Documentation Generator
Generating documentation from comments embedded in code
Terms defined:
Many programmers believe they're more likely to write documentation and keep it up to date if it is close to the code. Tools that extract specially-formatted comments from code and turn them into documentation have been around since the 1980s; many are used for JavaScript, including JSDoc and ESDoc (which we use to document the tools that build this book). This chapter will use what we now know about parsing source code to build a simple documentation generator of our own.
How can we extract documentation comments?
Once again we will use Acorn to extract comments
by providing an onComment
option to the parser
with an array for it to fill in.
For the moment we won't bother to assign the AST produced by parsing to a variable
because we are just interested in the comments:
import fs from 'fs'
import acorn from 'acorn'
const text = fs.readFileSync(process.argv[2], 'utf-8')
const options = {
sourceType: 'module',
locations: true,
onComment: []
}
acorn.parse(text, options)
console.log(JSON.stringify(options.onComment, null, 2))
// double-slash comment
/* slash-star comment */
[
{
"type": "Line",
"value": " double-slash comment",
"start": 0,
"end": 23,
"loc": {
"start": {
"line": 1,
"column": 0
},
"end": {
"line": 1,
"column": 23
}
}
},
{
"type": "Block",
"value": " slash-star comment ",
"start": 24,
"end": 48,
"loc": {
"start": {
"line": 2,
"column": 0
},
"end": {
"line": 2,
"column": 24
}
}
}
]
There is more information here than we need, so let's slim down the JSON that we extract:
import fs from 'fs'
import acorn from 'acorn'
const text = fs.readFileSync(process.argv[2], 'utf-8')
const options = {
sourceType: 'module',
locations: true,
onComment: []
}
acorn.parse(text, options)
const subset = options.onComment.map(entry => {
return {
type: entry.type,
value: entry.value,
start: entry.loc.start.line,
end: entry.loc.end.line
}
})
console.log(JSON.stringify(subset, null, 2))

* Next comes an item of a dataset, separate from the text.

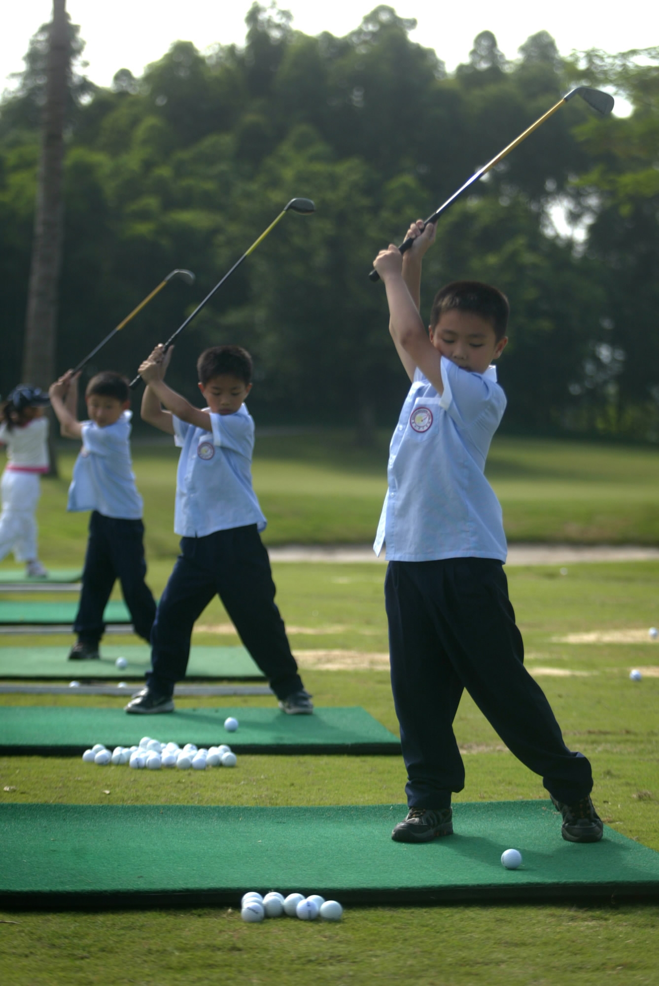 Students at a private school in Huizhou, Guangdong Province take golf lessons once a week. / CFP Photo

node extract-comments-subset.js two-kinds-of-comment.js
[
{
"type": "Line",
"value": " double-slash comment",
"start": 1,
"end": 1
},
{
"type": "Block",
"value": " slash-star comment ",
"start": 2,
"end": 2
}
]
Acorn distinguishes two kinds of comments.
//
// multi-line double-slash comment
//
node extract-comments-subset.js multi-line-double-slash-comment.js
[
{
"type": "Line",
"value": "",
"start": 1,
"end": 1
},
{
"type": "Line",
"value": " multi-line double-slash comment",
"start": 2,
"end": 2
},
{
"type": "Line",
"value": "",
"start": 3,
"end": 3
}
]
*
but most people do for readability:
/*
* multi-line slash-star comment
*/
node extract-comments-subset.js multi-line-slash-star-comment.js
[
{
"type": "Block",
"value": "\n * multi-line slash-star comment\n ",
"start": 1,
"end": 3
}
]
By convention,
we use block comments that start with /**
for documentation.
The first two characters are recognized by the parser as "start of comment",
so the first character in the extracted text is *
:
/**
* doc comment
*/
[
{
"type": "Block",
"value": "*\n * doc comment\n ",
"start": 1,
"end": 3
}
]
What input will we try to handle?
We will use [Markdown][markdown] for formatting our documentation. The documentation for function definitions looks like this:
/**
* # Demonstrate documentation generator.
*/
import util from './util-plain'
/**
* ## `main`: Main driver.
*/
const main = () => {
// Parse arguments.
// Process input stream.
}
/**
* ## `parseArgs`: Parse command line.
* - `args` (`string[]`): arguments to parse.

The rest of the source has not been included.